“Whenever we have an opportunity, let us work for the good of all and especially for those of the family of faith.” —Galatians 6:10
July 3, 2025
Dear church,
Today the U.S. Congress passed a budget package that will have a monumental impact on many in the country and on our ministries and communities. The scope of the One Big Beautiful Bill Act is generation-defining and life-altering for many, with provisions that will harm the well-being of local communities and the lives of many individuals for decades to come.
This church teaches that government has limits but fundamentally should seek the well-being of all. In at least three obvious ways, the bill undercuts that aspiration. This bill:
- Abandons our commitments to people who are sick or who live with financial hardship. For many decades now, our nation has made commitments to come alongside people when they are in their worst moments, through Medicaid, Supplemental Nutrition Assistance Program (SNAP) benefits and other programs. Our church is on record in supporting such expressions of care and compassion. These lifelines are now endangered by massive cuts and policy changes. More than 17 million people could lose health coverage over the coming years, and 22.3 million U.S. families will lose some or all of their SNAP benefits. These cuts will make our nation sicker and more hungry, disproportionately impacting rural communities by putting hospitals and other community health providers at long-term risk of closure. According to the nonpartisan Congressional Budget Office (CBO), the bill transfers wealth from those in the bottom 10% of income to those in the top 10% of income in our nation, shamefully funding tax cuts for the wealthiest Americans on the backs of the most vulnerable.
- Threatens family and community stability. As a church, we have worked for many years for comprehensive immigration reform, just asylum policies and a pathway to citizenship for immigrant neighbors. This bill abandons compassion by more than tripling federal spending on deportation and detention and by adding over $170 billion for immigration and border enforcement. This goes far beyond the reasonable goal of ensuring a safe and orderly border and risks tearing apart millions of families, communities and churches.
- Harms future generations. This bill compromises our children’s futures by recklessly increasing the national debt and exposing our next generations to dirtier air and a hotter climate.
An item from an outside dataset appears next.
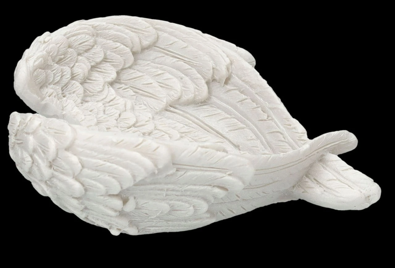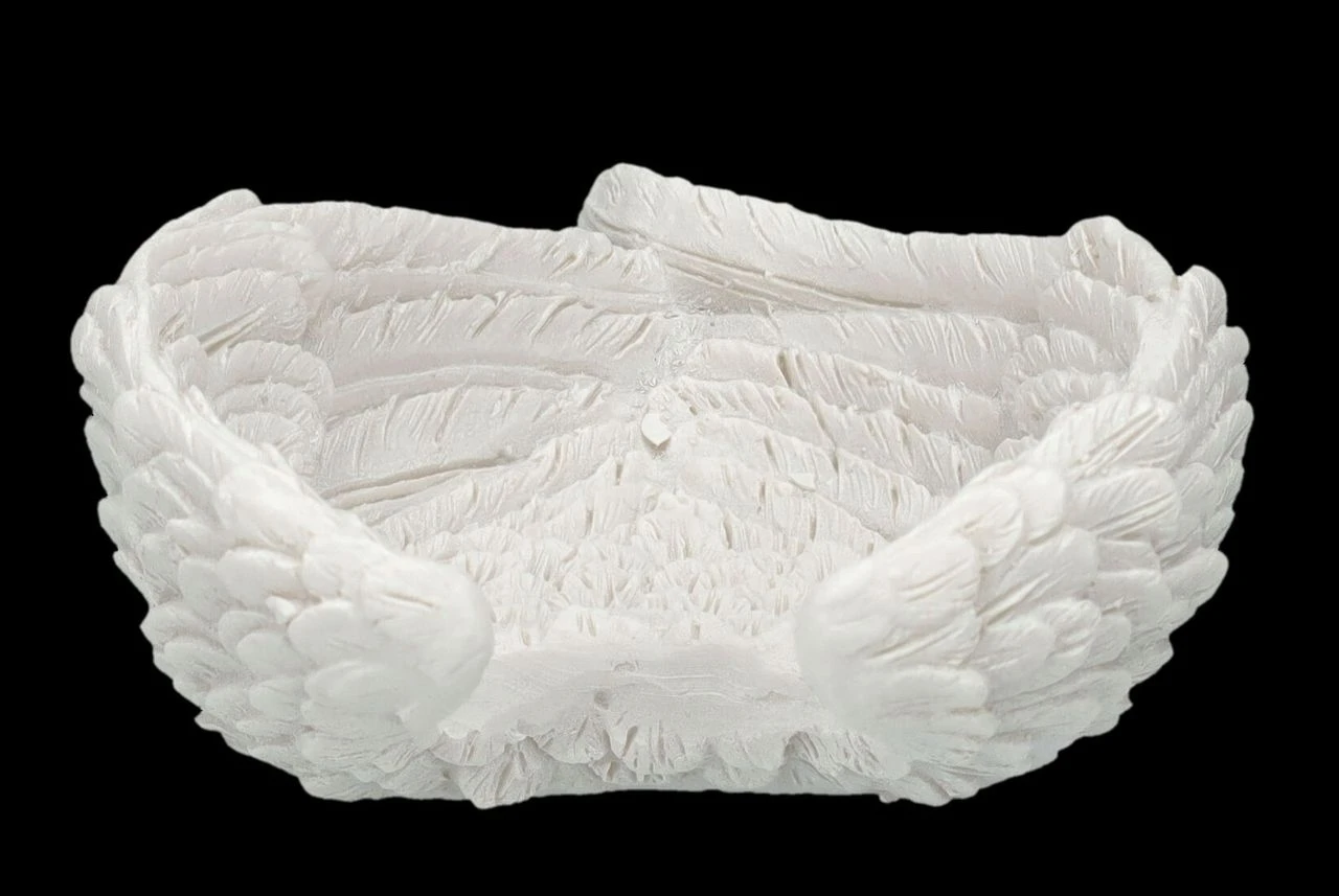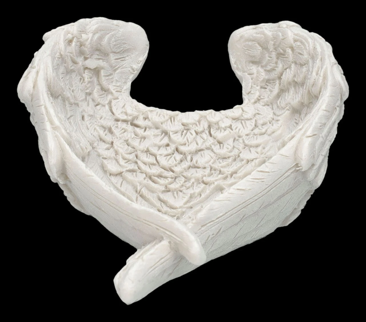 Diese weißen Engelsflügel aus liebevoll handbemaltem Kunststein (Polyresin) bilden eine hübsche Schale, in der zum Beispiel am Abend die Schmuckstücke abgelegt werden können. Die 3 cm hohe, 7 cm breite und 8,5 cm tiefen sehr detailreichen Engelsflügel sind aber auch ein zauberhaftes Geschenk. Unsere Dekoration.ist in der Lieferung nicht enthalten!

The CBO projects that it will add between $3 trillion and $4 trillion to the national debt over the next 10 years. Such excessive spending will worsen, not improve, the fiscal sustainability of our government and the financial prospects of future generations. It also halts and reverses progress toward a clean-energy transition by reversing nearly all the clean-energy tax credits and other incentives passed in the Inflation Reduction Act. This will undo our country's efforts to mitigate climate change and preserve creation for our heirs.
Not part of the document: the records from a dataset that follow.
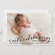 Cette belle photo de bébé faire-part dispose d'un magnifique script de calligraphie superposant une photo de fond de sang de votre nouveau petit.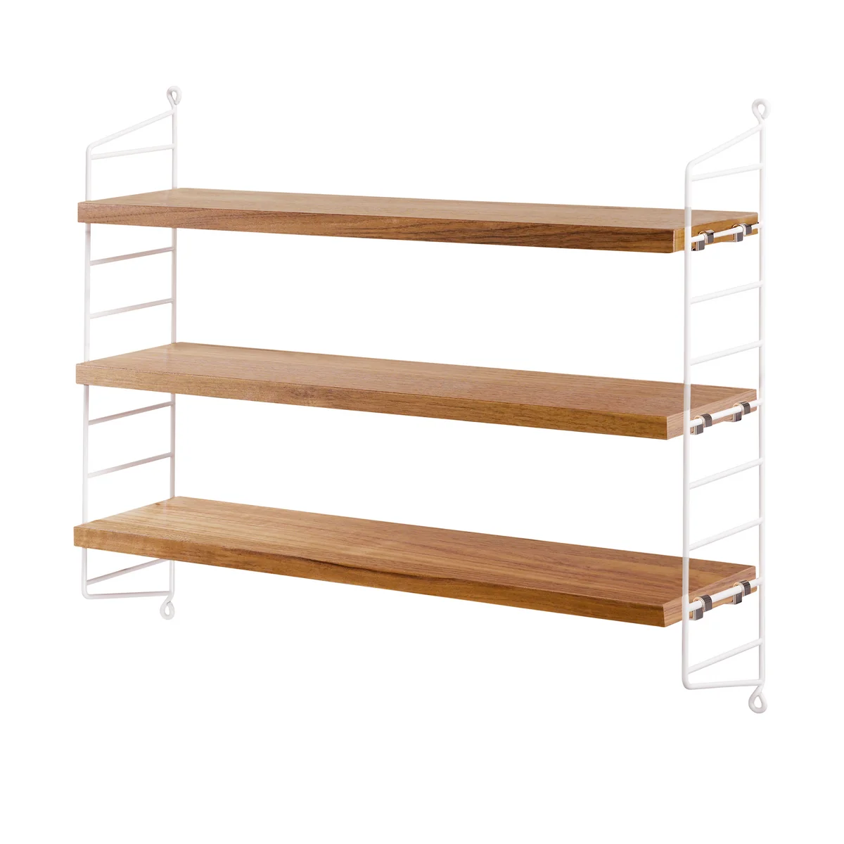 Das String Pocket Regal von Nisse Strinning lässt sich mit anderen Regalen kombinieren und sowohl nach oben als auch zur Seite ausbauen. Bodenleitern sind für dieses Regal nicht erhältlich. Im Lieferumfang enthalten sind zwei Seitenelemente zur Wandmontage und drei passenden Fachböden.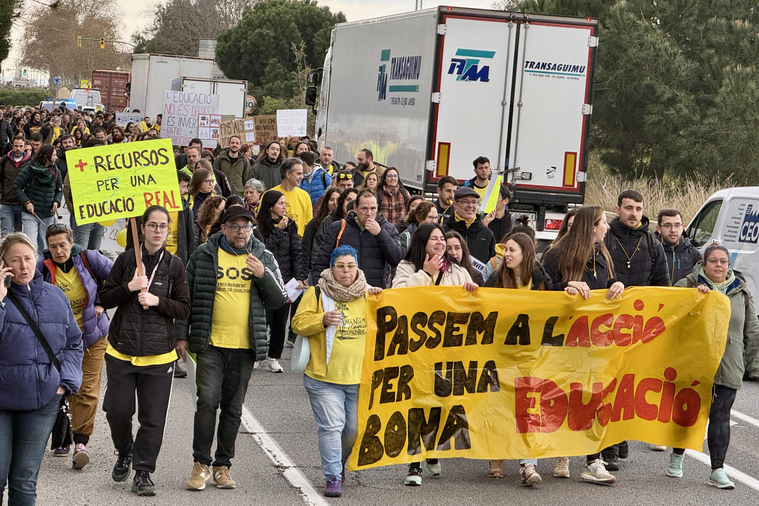 D’altra banda, mig miler de persones, acompanyats d’una quarantena de tractors de Revolta Pagesa, s’han concentrat a Girona, davant del pavelló de Fontajau. Els manifestants, docents i pagesos, simulen una classe, amb pupitres i una pissarra.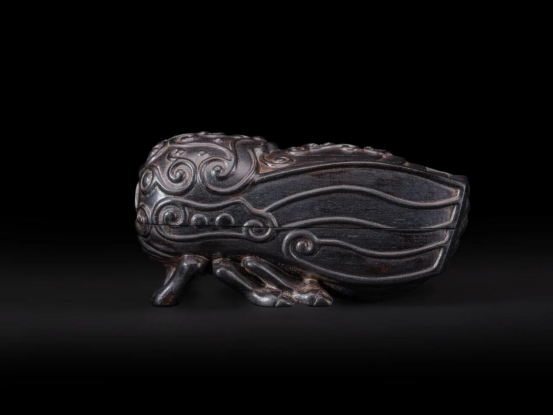 蟬型印盒尺寸精巧,表面鐫刻源自商周青銅的博古紋飾,蟬盒腹刻一“新”字,古韻與巧思兼備。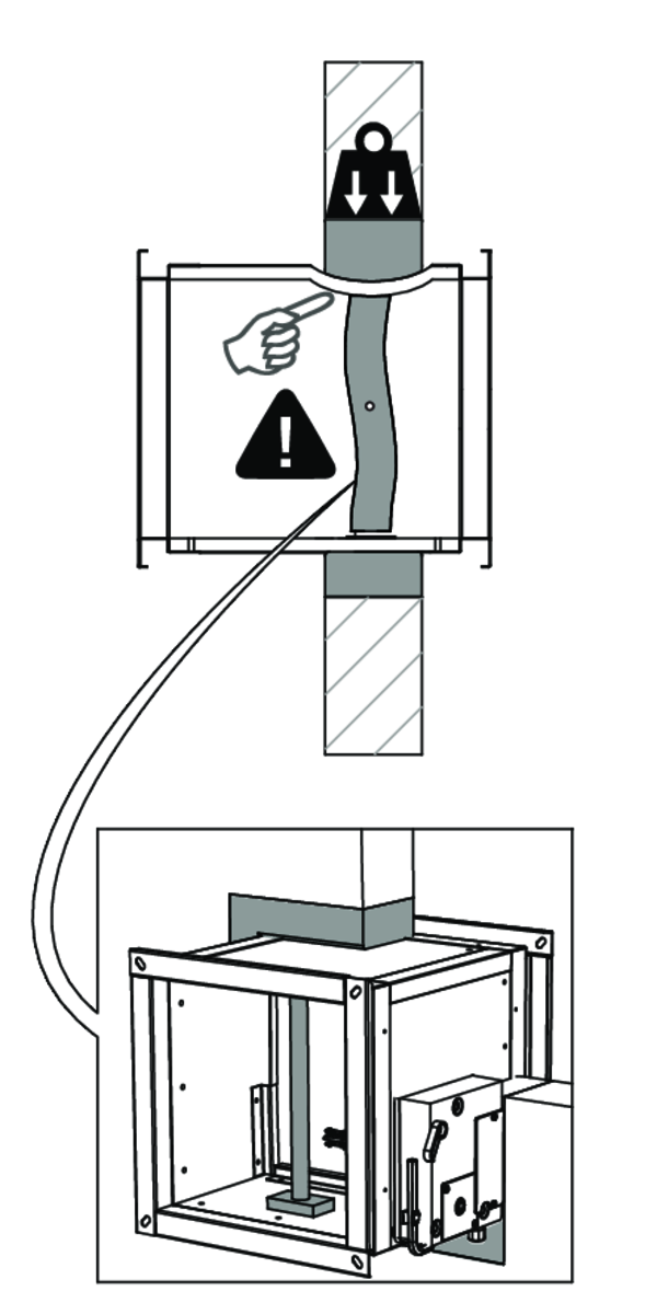 - Respectez les distances de sécurité par rapport aux autres éléments constructifs. Le mécanisme de déclenchement doit également rester accessible : prévoyez pour cela un espace libre de 200 mm autour du boîtier.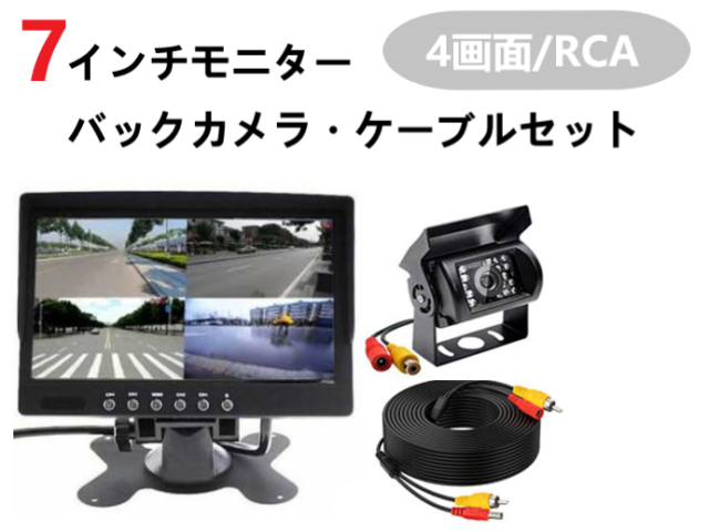 送料無料 7インチ4分割モニター バックカメラ ケーブルセット 12V/24V兼用 4画面 RCA オンダッシュモニター 車載モニター 4画面同時表示対応 20mケーブル バス トラック 重機 防水 暗視 LEDカメラ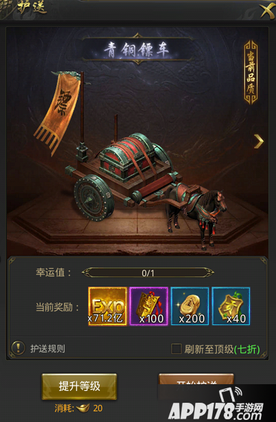 每日10:00-24:00将开启行会护送。玩家在镖局内可刷新提升镖车品质,完成护送可获得经验、贡献、荣誉等奖励。镖车品质越高,可获得的奖励会丰富。但是护送过程中可能会遭受到其他行会成员的抢劫,若不幸被劫,也可呼叫其他行会大佬帮忙夺回奖励的哦!

In the Galatians text for this coming Sunday, Paul calls the church to do what is good, not simply for other Christians but for all. Luther echoes this in the Small Catechism when he explains the Fifth Commandment, “You are not to kill.” “We are to fear and love God,” Luther writes, “so that we neither endanger nor harm the lives of our neighbors, but instead help and support them in all of life’s needs” (The Book of Concord, ed. Kolb and Wengert, p. 352).
As a church, we face this moment together with resolve, rooted in our trust in God, to work for the good of all as these policies begin to impact our congregations and communities. I ask you to:
- Pray with and for those made newly vulnerable, asking for God’s presence and power.
- Identify community and interreligious partners to identify the impacts of this legislation and seek common approaches in your communities.
- Engage in faithful public witness through your networks as well as ELCA federal advocacy and the ELCA-affiliated state public policy office network.
- Follow and support the work of ELCA World Hunger and Lutheran Disaster Response.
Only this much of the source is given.